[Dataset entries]
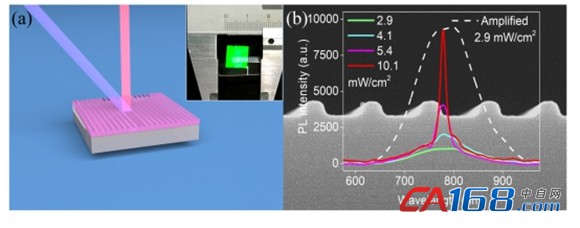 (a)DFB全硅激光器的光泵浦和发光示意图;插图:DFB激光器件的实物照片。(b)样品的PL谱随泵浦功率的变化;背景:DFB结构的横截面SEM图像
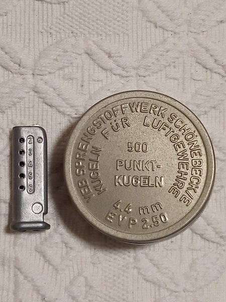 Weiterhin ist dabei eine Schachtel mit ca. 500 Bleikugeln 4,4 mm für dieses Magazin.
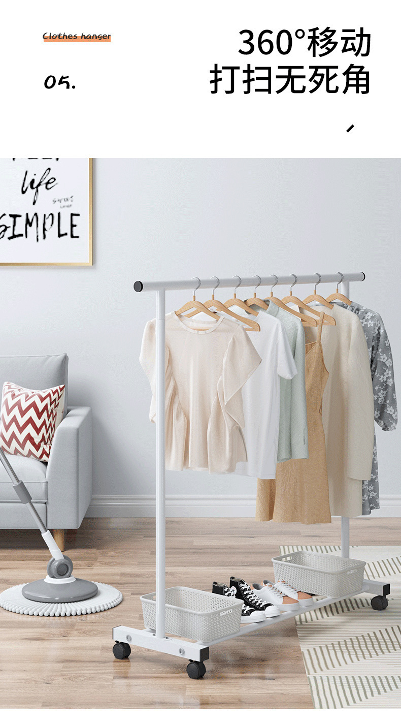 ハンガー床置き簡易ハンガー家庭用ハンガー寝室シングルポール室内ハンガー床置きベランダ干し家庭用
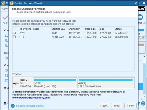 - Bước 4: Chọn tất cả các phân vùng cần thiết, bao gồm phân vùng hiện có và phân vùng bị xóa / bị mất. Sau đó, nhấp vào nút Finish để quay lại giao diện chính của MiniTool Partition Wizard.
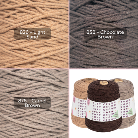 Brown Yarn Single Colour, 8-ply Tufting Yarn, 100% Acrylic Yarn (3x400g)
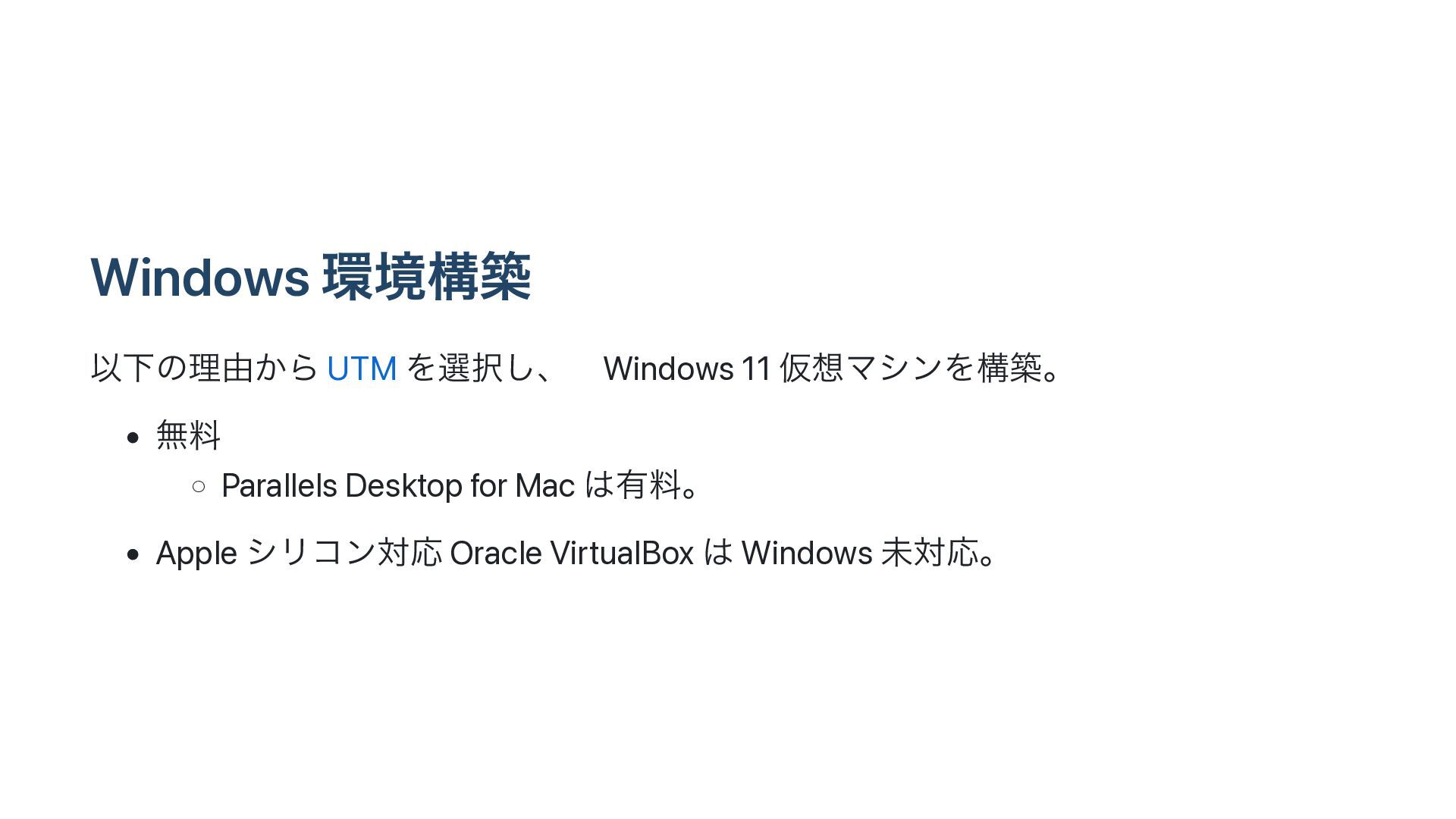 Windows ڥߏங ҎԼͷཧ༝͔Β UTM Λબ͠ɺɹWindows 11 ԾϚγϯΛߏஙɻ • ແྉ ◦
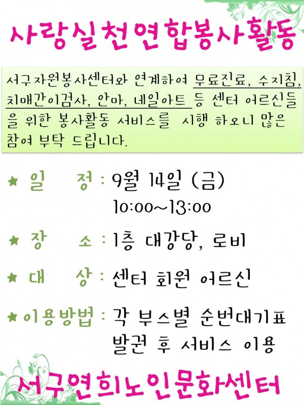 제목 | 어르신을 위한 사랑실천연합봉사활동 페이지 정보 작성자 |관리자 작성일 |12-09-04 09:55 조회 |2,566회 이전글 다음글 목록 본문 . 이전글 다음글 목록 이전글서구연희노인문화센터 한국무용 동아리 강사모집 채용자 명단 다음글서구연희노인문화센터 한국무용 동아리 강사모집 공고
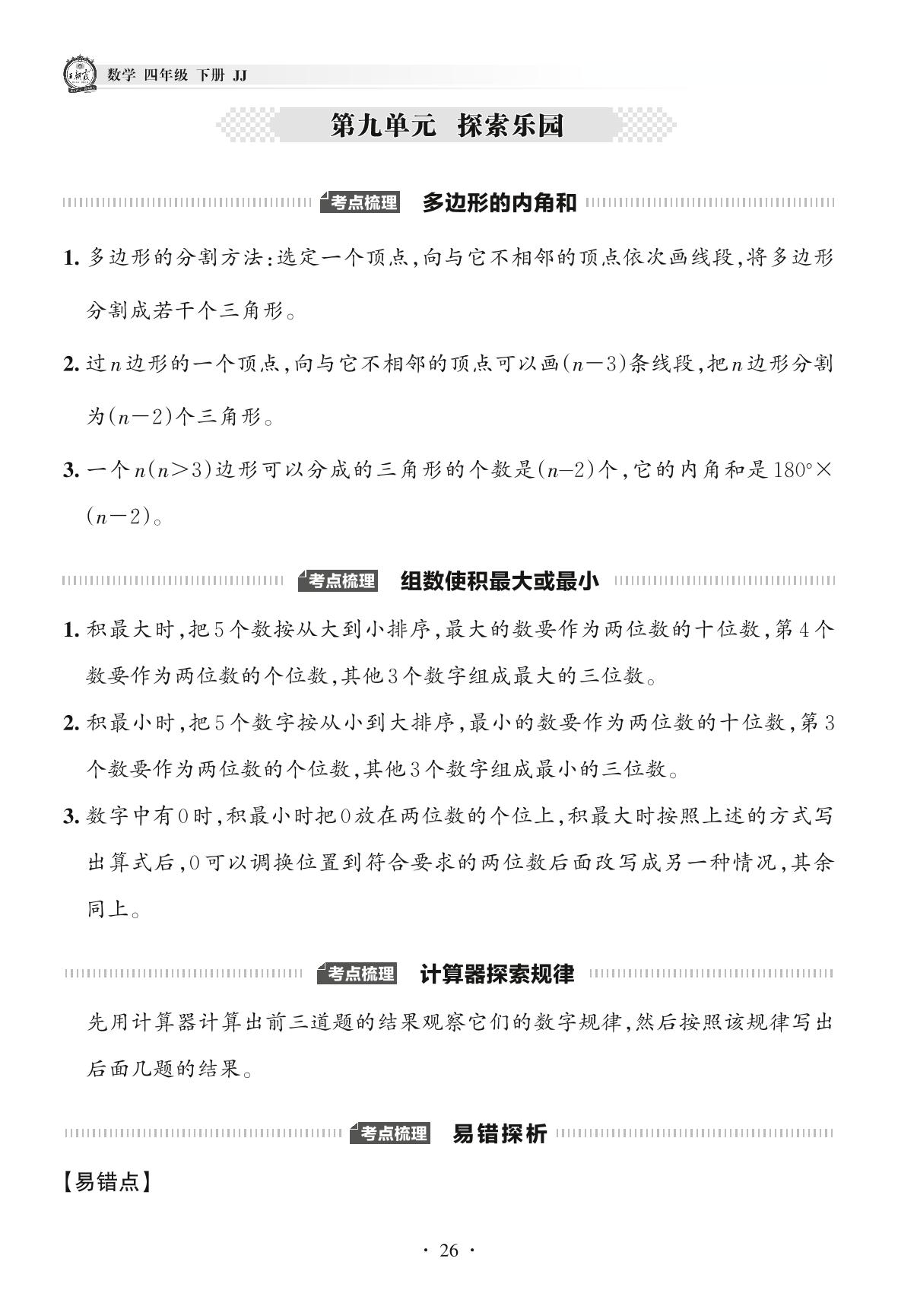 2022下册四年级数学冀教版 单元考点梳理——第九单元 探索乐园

- _Assigned task_: Print the data above from its first line through the line that has "ハンガー床置き簡易ハンガー家", exactly and with nothing else, omitting pictures.

- _Answer for this exercise_:
 (a)DFB全硅激光器的光泵浦和发光示意图;插图:DFB激光器件的实物照片。(b)样品的PL谱随泵浦功率的变化;背景:DFB结构的横截面SEM图像
 Weiterhin ist dabei eine Schachtel mit ca. 500 Bleikugeln 4,4 mm für dieses Magazin.
 ハンガー床置き簡易ハンガー家庭用ハンガー寝室シングルポール室内ハンガー床置きベランダ干し家庭用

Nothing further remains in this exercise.